Good thing Romney isn’t running for president of Mexico.
He’s running for president of the Confederacy.
The Mexicans should be so lucky!
“That’s not as impressive a feat as moving Ecuador next to Chile”
He said, and this is in the link, “… And that is also between other countries that are near or next to each other.” I guess it comes down to whether you think 700 miles is “near” in geoeconomic terms.
Culture begets institutions.
Culture can also lead a rich country to help destabilize democratically elected governments of other countries, when they don’t like them. As the US has done quite often in this hemisphere. You will sometimes even find otherwise respectable people here trying to defend, say, Pinochet on the basis of the growth rates that followed his coups, tortures and murders. It’s amazing what you can get away with saying in a country as ignorant as America.
I would like to point out that in Alexis de Tocqueville’s “Democracy in America” he dismisses Mexico with a comment that the country will never amount to much due to “the depravity of their morals”.
IIRC, he had a similar opinion of the Southern United States. Which is Ed Whitney’s point.
Wait a second. You’ve all missed the elephant in the room.
In the Obama “If you’ve got a business. you didn’t build that.” speech, the President was making the point that an individual’s success is based, on large measure, on the economic infrastructure and the culture in which the individual finds him or herself. Romney, dishonestly, disagreed.
However, take the benign version of Romney’s comments in Israel. (The less benign version is that he was expressing some sort of philo-Semitism that is sort of a reverse anti-Semitism.) What the benign version is positing is pretty much what the President was arguing.

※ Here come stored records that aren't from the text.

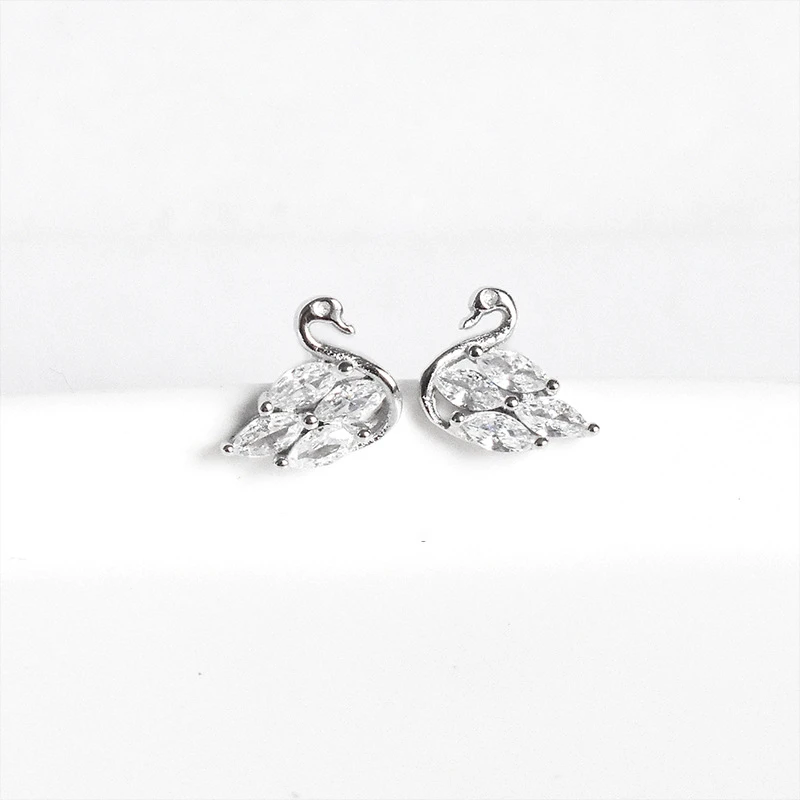 LKO настоящее серебро 925 пробы изысканный кристалл серьги-гвоздики в виде лебедя для женщин элегантные очаровательные серьги-гвоздики для девочек подарок для вечеринки
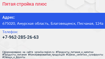Пятая стройка-плюс по адресу 675020, Амурская область, Благовещенск, Песчаная, 124а в дальнейшем Организация, размещена в следующих категориях:
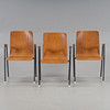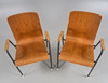 Schwarz lackierte Stahlrohre. Geformte Sitze, mit Teakholz furniert. Stapelbar
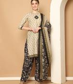 Beige Cotton Blend Printed Ready To Wear Patiala Salwar Suit Stitched

Um, no. What he *appears* to have actually said was this:
“Somebody helped to create this unbelievable American system that we have that allowed you to thrive. Somebody invested in roads and bridges. If you’ve got a business, you didn’t build that. Somebody else made that happen. ”
http://www.barackobama.com/truth-team/entry/fact-check-what-president-obama-actually-said-about-small-businesses/
He never said small biz folk didn’t build their businesses — he was *very* clearly referring to the ROADS, etc.
This is not a point that should be fudged.
Otherwise, I appreciate your attempt to give Romney some benefit of doubt — it’s nice of you — but I don’t think he deserves it in this case. (I will keep a tiny space of openmindedness for other times…) He was very clearly taking a swipe at Palestinians and putting down their culture. He may not actually be a mean person — though, there’s evidence for it — but in this instance, he really said something quite clumsy and offensive. (I’m not sure he meant it either. But it’s not my job to try to look into his soul.)
On second thought, I think I was being obnoxious just now. You didn’t do anything wrong. It is just that the little quote does sound so bad if there’s no context. And the prez is getting beat to hell over it out in nonRBC land. I happen to know a lot of libertarians now, more or less by accident, and they really think he meant it in the bad way. Crazytown for sure.
In a different reality, Mr. Romney would be described as someone who tells stories and believes them. That may be a slightly better frame for Sullivan’s thesis. For me, it’s as if Romney continues to believe that fairy tales are really true. it’s hard to say this because we don’t expect people with Romney’s track record to show this kind of deficit, but he really does have trouble with critical thinking.